WORK REQUEST:
In the records below, find the line that contains "Mobility. Safety: Safely" and the line that contains "145哈伦加绒西裤 小码 八分女秋冬九分萝卜小脚裤 150小个子毛呢裤", then retype exactly those two lines and every line between them.

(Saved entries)
★ ★ ★ ★
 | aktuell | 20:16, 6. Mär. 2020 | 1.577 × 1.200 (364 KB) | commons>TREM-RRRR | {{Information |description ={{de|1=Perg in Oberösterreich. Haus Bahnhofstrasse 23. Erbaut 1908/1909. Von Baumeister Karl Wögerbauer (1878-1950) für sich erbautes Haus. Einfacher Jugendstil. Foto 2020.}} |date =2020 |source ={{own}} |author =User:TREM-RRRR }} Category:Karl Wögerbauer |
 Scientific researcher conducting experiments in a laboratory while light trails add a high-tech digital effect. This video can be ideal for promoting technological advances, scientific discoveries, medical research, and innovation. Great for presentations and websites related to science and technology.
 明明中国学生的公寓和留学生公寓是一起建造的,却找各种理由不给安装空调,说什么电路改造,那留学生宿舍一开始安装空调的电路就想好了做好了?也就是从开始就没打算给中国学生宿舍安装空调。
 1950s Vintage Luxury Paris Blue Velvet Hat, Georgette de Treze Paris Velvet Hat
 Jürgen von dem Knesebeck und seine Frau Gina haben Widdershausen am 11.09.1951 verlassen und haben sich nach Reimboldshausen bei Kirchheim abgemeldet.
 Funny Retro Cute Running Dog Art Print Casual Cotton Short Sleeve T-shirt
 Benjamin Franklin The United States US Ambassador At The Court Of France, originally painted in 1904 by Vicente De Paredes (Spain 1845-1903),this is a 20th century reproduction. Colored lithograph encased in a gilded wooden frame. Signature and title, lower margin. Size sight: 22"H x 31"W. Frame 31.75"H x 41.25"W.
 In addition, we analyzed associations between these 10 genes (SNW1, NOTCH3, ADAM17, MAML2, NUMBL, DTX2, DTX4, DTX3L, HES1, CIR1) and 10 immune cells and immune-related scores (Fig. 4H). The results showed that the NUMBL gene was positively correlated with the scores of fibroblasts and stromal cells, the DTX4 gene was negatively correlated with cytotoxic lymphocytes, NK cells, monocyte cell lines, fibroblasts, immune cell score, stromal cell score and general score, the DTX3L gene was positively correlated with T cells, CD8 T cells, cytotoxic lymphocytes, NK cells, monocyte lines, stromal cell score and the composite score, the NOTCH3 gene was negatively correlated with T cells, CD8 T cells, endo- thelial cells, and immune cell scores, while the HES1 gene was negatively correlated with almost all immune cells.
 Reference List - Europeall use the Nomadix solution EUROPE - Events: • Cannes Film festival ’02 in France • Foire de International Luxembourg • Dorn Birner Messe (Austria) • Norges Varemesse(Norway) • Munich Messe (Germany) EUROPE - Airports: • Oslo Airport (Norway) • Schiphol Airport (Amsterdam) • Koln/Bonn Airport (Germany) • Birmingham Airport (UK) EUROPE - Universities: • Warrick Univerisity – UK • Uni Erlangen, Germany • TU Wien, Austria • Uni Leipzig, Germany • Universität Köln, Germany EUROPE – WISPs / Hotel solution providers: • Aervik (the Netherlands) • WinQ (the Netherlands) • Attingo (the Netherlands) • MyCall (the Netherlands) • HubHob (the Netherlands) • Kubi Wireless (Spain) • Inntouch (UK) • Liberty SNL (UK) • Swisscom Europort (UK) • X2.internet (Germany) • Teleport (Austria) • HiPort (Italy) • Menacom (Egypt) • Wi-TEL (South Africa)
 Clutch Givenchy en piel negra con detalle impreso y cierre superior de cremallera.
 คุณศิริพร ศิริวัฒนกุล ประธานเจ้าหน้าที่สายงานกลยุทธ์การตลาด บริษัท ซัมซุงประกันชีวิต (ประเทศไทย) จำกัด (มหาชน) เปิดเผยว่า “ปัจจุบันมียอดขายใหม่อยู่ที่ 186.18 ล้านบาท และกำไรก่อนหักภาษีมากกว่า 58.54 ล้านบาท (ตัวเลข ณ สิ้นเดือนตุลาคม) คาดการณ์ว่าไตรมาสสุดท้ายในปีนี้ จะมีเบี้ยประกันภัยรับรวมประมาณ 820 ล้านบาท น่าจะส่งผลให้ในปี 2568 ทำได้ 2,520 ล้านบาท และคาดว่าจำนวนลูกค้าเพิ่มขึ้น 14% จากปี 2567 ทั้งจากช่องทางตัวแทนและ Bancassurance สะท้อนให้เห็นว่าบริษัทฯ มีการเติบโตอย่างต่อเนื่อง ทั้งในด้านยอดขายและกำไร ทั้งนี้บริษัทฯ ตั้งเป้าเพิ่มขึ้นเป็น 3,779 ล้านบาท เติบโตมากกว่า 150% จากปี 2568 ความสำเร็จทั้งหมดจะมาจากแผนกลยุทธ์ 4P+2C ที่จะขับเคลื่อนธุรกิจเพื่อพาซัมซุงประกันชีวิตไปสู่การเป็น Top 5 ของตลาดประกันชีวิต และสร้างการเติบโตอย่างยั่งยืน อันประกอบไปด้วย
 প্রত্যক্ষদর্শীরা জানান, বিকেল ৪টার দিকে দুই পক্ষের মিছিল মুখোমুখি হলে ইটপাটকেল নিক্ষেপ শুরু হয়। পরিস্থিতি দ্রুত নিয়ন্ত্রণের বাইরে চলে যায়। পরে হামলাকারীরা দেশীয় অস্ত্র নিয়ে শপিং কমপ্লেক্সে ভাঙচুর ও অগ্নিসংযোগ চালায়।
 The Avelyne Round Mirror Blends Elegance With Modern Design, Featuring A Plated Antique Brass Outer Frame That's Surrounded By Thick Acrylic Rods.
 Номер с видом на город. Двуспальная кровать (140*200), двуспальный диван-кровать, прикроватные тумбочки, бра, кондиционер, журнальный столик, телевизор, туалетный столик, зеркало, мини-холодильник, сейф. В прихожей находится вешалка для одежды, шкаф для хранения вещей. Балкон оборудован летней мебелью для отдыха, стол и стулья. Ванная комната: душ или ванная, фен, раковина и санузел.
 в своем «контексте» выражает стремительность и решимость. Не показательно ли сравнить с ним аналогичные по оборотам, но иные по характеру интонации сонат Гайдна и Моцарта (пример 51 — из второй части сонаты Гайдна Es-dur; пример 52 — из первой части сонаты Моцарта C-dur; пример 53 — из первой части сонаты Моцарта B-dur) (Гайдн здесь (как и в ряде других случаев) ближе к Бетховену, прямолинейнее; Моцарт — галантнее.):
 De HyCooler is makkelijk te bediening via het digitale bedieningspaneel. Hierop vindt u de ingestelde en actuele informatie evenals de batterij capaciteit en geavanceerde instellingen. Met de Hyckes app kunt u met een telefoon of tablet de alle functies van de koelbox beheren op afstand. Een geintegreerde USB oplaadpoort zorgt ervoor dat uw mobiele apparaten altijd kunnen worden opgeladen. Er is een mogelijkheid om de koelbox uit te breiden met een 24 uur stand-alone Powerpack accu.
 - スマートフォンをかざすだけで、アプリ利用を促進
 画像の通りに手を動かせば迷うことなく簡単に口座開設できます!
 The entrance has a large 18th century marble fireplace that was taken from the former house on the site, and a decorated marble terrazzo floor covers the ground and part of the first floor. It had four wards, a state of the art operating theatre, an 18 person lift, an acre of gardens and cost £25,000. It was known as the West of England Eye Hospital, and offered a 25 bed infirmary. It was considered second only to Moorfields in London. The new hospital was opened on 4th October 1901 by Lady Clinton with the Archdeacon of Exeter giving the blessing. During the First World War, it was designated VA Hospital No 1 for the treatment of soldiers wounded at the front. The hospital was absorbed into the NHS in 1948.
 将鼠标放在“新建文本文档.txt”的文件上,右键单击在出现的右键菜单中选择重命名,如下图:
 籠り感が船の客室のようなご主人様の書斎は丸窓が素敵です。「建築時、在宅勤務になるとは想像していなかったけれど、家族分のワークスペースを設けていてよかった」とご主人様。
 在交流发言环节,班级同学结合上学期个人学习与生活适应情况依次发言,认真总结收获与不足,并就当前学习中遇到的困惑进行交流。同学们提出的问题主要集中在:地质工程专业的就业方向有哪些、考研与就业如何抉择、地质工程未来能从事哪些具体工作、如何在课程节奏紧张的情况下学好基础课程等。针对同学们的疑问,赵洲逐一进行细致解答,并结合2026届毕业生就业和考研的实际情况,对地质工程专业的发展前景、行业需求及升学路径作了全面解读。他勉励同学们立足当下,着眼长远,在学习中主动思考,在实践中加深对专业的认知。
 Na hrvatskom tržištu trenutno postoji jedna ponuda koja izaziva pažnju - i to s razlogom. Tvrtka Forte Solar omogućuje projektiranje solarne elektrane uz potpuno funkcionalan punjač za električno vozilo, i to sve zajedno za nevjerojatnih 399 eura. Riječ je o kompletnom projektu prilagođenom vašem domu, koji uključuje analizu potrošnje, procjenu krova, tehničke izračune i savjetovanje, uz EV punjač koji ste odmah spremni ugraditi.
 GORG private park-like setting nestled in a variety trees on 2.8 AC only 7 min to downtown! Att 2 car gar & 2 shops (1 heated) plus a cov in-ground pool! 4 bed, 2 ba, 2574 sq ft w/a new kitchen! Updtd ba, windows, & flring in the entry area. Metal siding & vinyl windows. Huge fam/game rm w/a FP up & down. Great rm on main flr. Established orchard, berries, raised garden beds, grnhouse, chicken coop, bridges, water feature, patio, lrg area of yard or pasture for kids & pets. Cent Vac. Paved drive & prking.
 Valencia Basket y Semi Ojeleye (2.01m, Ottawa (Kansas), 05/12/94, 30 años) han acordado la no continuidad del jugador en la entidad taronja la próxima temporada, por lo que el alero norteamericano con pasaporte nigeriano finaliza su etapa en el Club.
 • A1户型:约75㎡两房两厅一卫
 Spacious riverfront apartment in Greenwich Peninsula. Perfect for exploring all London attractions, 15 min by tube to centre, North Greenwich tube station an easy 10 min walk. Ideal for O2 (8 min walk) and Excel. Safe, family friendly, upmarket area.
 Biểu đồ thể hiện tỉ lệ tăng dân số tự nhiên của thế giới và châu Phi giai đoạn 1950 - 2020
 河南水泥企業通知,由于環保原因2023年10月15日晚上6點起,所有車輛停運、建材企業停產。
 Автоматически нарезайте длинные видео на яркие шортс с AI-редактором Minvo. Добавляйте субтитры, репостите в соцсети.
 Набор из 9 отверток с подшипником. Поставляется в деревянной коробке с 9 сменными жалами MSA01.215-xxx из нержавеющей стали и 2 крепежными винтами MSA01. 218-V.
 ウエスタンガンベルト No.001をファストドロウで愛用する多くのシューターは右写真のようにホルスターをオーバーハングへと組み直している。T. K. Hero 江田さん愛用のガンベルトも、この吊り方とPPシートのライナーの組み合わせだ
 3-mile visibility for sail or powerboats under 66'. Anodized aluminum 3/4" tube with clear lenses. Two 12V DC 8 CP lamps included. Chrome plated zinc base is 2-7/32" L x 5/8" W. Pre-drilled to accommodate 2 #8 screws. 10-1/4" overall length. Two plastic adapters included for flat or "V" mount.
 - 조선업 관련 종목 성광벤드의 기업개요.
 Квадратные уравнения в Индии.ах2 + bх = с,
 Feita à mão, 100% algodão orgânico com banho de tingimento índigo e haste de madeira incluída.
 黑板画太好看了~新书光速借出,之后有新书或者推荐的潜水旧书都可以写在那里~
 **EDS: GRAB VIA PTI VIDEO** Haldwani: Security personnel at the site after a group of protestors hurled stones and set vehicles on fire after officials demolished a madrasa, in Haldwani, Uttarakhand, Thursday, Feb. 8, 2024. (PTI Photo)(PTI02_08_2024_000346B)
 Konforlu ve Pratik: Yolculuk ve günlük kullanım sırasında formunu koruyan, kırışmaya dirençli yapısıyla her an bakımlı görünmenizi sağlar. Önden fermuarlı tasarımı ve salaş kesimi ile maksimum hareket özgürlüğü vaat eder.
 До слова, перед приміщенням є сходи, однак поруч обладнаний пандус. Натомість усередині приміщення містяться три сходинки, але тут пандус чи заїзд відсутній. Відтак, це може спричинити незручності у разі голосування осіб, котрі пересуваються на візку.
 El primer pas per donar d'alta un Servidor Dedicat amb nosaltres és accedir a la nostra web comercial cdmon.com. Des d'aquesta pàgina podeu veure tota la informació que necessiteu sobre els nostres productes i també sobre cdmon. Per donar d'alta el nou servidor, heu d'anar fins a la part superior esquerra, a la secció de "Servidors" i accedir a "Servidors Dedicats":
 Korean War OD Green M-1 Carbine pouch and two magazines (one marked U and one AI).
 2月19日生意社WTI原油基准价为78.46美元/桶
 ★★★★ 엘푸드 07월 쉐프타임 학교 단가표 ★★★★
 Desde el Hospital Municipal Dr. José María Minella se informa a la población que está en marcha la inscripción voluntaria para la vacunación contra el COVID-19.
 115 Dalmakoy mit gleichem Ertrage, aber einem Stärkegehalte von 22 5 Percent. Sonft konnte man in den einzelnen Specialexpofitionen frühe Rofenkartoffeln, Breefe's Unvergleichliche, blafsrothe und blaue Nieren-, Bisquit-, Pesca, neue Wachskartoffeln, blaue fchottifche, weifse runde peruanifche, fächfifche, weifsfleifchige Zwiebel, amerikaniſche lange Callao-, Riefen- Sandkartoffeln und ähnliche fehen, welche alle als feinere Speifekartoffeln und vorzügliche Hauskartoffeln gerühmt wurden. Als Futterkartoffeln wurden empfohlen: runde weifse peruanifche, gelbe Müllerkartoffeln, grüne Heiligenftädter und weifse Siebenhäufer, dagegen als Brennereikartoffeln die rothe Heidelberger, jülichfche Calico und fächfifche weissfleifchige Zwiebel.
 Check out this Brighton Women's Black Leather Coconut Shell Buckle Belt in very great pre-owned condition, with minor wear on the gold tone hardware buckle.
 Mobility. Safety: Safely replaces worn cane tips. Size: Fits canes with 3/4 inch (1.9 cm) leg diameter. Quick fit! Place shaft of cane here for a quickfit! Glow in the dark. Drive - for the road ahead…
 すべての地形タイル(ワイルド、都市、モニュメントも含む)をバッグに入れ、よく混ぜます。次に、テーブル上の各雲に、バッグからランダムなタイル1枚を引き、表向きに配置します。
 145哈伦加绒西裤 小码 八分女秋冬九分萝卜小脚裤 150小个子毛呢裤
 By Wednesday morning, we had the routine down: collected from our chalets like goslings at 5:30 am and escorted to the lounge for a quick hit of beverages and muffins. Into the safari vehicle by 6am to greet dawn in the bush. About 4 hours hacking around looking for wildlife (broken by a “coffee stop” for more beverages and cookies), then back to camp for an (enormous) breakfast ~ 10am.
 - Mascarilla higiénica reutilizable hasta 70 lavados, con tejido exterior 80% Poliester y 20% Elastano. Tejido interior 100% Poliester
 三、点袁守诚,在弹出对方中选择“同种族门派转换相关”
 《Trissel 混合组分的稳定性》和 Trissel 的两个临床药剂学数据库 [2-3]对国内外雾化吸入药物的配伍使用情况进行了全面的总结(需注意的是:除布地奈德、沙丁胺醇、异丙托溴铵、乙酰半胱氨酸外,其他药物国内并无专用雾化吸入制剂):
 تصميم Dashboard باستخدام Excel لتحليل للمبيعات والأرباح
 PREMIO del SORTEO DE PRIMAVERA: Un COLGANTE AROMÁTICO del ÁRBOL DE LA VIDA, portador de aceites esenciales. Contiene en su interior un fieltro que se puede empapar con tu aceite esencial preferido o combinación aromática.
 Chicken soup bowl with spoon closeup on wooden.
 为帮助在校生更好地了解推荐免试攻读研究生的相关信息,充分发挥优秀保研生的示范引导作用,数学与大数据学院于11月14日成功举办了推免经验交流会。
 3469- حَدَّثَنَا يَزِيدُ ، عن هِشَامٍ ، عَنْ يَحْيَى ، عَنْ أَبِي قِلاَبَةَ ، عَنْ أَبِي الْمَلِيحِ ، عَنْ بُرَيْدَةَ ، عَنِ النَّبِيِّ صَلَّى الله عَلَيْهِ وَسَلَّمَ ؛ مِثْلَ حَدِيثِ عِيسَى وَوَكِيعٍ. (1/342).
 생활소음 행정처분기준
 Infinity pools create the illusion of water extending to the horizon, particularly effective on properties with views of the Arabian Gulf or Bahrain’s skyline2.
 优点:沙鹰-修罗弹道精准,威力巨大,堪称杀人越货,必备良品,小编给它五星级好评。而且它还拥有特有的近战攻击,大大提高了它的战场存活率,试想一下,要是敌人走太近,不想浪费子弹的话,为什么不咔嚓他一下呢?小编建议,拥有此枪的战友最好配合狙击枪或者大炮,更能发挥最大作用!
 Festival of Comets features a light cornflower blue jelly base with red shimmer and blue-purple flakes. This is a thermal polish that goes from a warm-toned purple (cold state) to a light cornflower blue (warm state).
★ ★ ★ ★
FINISHED EXERCISE:
 Mobility. Safety: Safely replaces worn cane tips. Size: Fits canes with 3/4 inch (1.9 cm) leg diameter. Quick fit! Place shaft of cane here for a quickfit! Glow in the dark. Drive - for the road ahead…
 すべての地形タイル(ワイルド、都市、モニュメントも含む)をバッグに入れ、よく混ぜます。次に、テーブル上の各雲に、バッグからランダムなタイル1枚を引き、表向きに配置します。
 145哈伦加绒西裤 小码 八分女秋冬九分萝卜小脚裤 150小个子毛呢裤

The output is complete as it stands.